Welcome to Europe Pub! 🇪🇺
A social network dedicated to everything European - from culture and traditions to current events and daily life across our diverse continent. Share your experiences, discuss news, and connect with fellow Europeans and friends of Europe.
Whether you’re interested in EU politics, travel tips, local cuisine, or simply want to learn more about different European countries and regions, you’ll find your place here.
You can participate in more than 29,000 communities around the world, thanks to the Fediverse.
Join our community and help build bridges across Europe! 🌉
I’m not the creator of the instance. I just happened upon it and thought it’d be cool to share.
Pertaining empty and small communities, that’s how most communities start: one person creates it, people find it and contribute. Most don’t just go from 0 to thousands of contributors and followers in a second.

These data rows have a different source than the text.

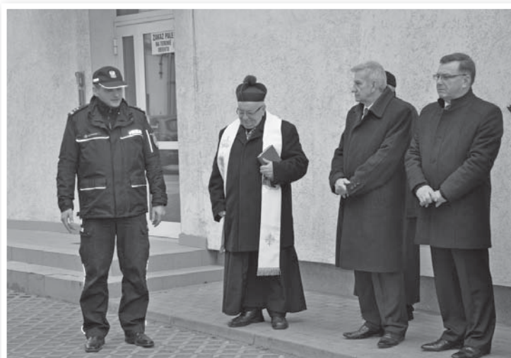
Przekazanie pojazdów Komendzie Powiatowej Policji w Ciechanowie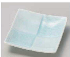
ネ100-229 正角市松皿 青白磁 11×11×2cm (磁) JPN 1,300円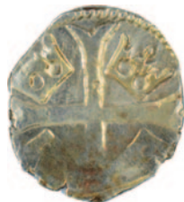
és ép példánya

Összességében elmondható, hogy az éremanyag vizsgálata alátámasztja a történeti kutatás, és a régészeti megfigyeléseket: a monostor a 11. század első felében épülhetett, és ettől kezdve folyamatos használatban volt a 16. század közepéig bizonyosan.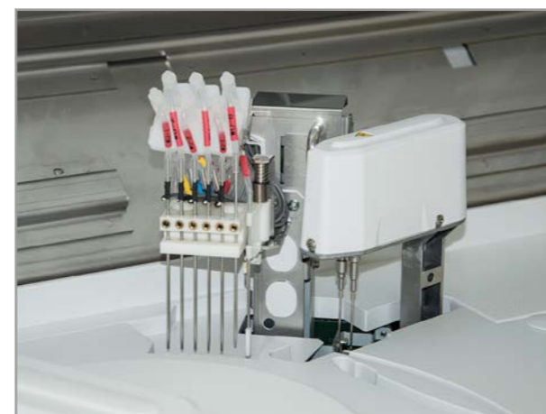
Модуль промывки кювет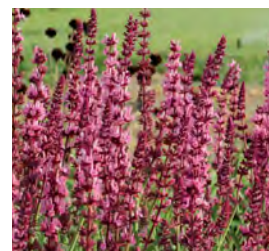
Salvia nemorosa 'Rosenwein' Sommer-Salbei

Blütenhöhe: 60 cm Blütezeit: Jun-Sep, R*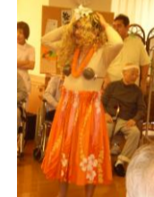
★着せ替え競争のフラガール★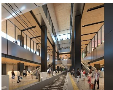
新宿駅完成後の地上ホームイメージ

また、鶴川駅と藤沢駅では、地元自治体と連携した自由通路整備事業にあわせて駅舎を橋上化し、まちの回遊性や利便性の向上を実現します。今年度は、各駅舎の建築工事を行うほか、藤沢駅ではホームと橋上駅舎をつなぐエスカレーターとエレベーターを供用開始します。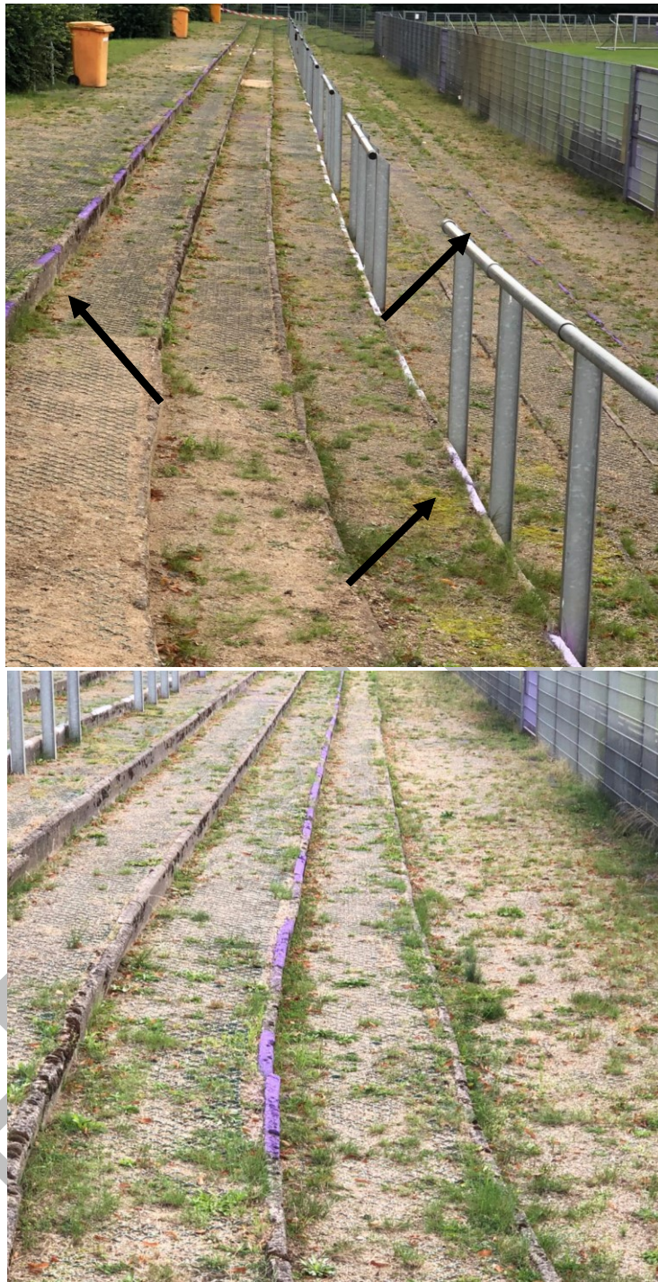
Abbildung 4: Bodenmarkierungen der einzelnen Plätze (1,50m Breit)

It takes time.
Also, I don’t see multiple communities on different instances as a problem. We’re on the fediverse, not reddit. There doesn’t have to be one single “Europe” community. There can be a Europe community on a Europe loving instance, on a Europe hating instance, on an Italian instance and thus posting in Italian or from an Italian perspective, on a teddy bear instance that just talks about European teddy bears, whatever. It seems to me like the centralist mindset is still very ingrained in people despite being in a different place.
Also, I don’t understand the feddit.org thing. Why is a German instance “feddit.org” as if it’s the main feddit instance?
I never said it should not be done, I just said the approach is likely not successful. I would be careful with the “centralist mindset”. Centralization towards instances or towards communities are very much different things.
I don’t really understand what you mean here, could you elaborate?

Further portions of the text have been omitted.